Wherever you get this data from, you can process it "on the fly" and write to output. Again, don't write to a byte array, but to stream - such as FileOutputStream
, or a Writer
.
Upvotes: 1
Reputation: 7414
If they are binary files, then it does not make sense to talk about reading them line by line. Anyhow, if you want to process large files sequentially without having them in memory as a whole, you are interested in streaming those files. Have a look at the InputStream
and OutputStream
types. And avoid all types with 'ByteArray' in their name.
Upvotes: 0
Reputation: 533492
I would use a memory mapped file. This way you have have MBs or GBs "in-memory" without using much heap at all. (a few KB).

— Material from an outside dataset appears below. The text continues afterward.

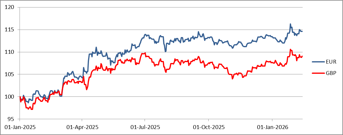 Basically from the day of President Trump’s inauguration, the US dollar peaked (the price of euro and pound hit a trough) and since then it has depreciated by around 15% against the euro, but only about 8% against the British pound.
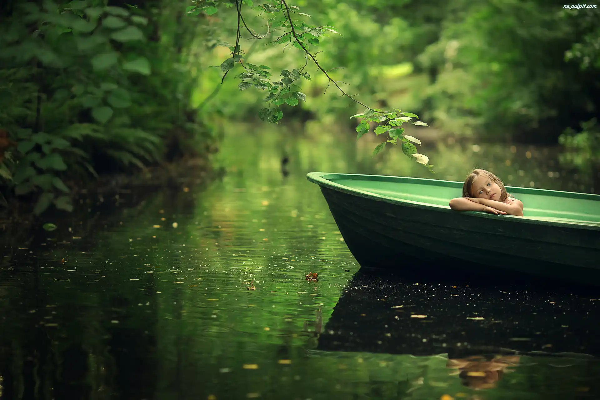 Łódka, Rzeka, Dziewczynka, Zieleń Na Pulpit

If the data is from an external source you can still place them into direct memory or memory mapped files.
Upvotes: 1
Reputation: 415
why are you not using BufferedReader
if you are using Java 7, try nio2 http://download.oracle.com/javase/7/docs/api/java/nio/package-summary.html http://download.oracle.com/javase/7/docs/api/java/nio/file/package-summary.html
Upvotes: 0
Reputation: 453
I'd imagine it all depends on how you are processing them. I you can process a single file at a time, do so. If the individual files are too large, read a 100K at a time, and parse for line breaks yourself. Process everything up to the last line break in the file, move the remainder to the beginning of the array and read more data. These are simple techniques, but without knowing more about how you are processing, that's about all I could suggest.
Upvotes: 1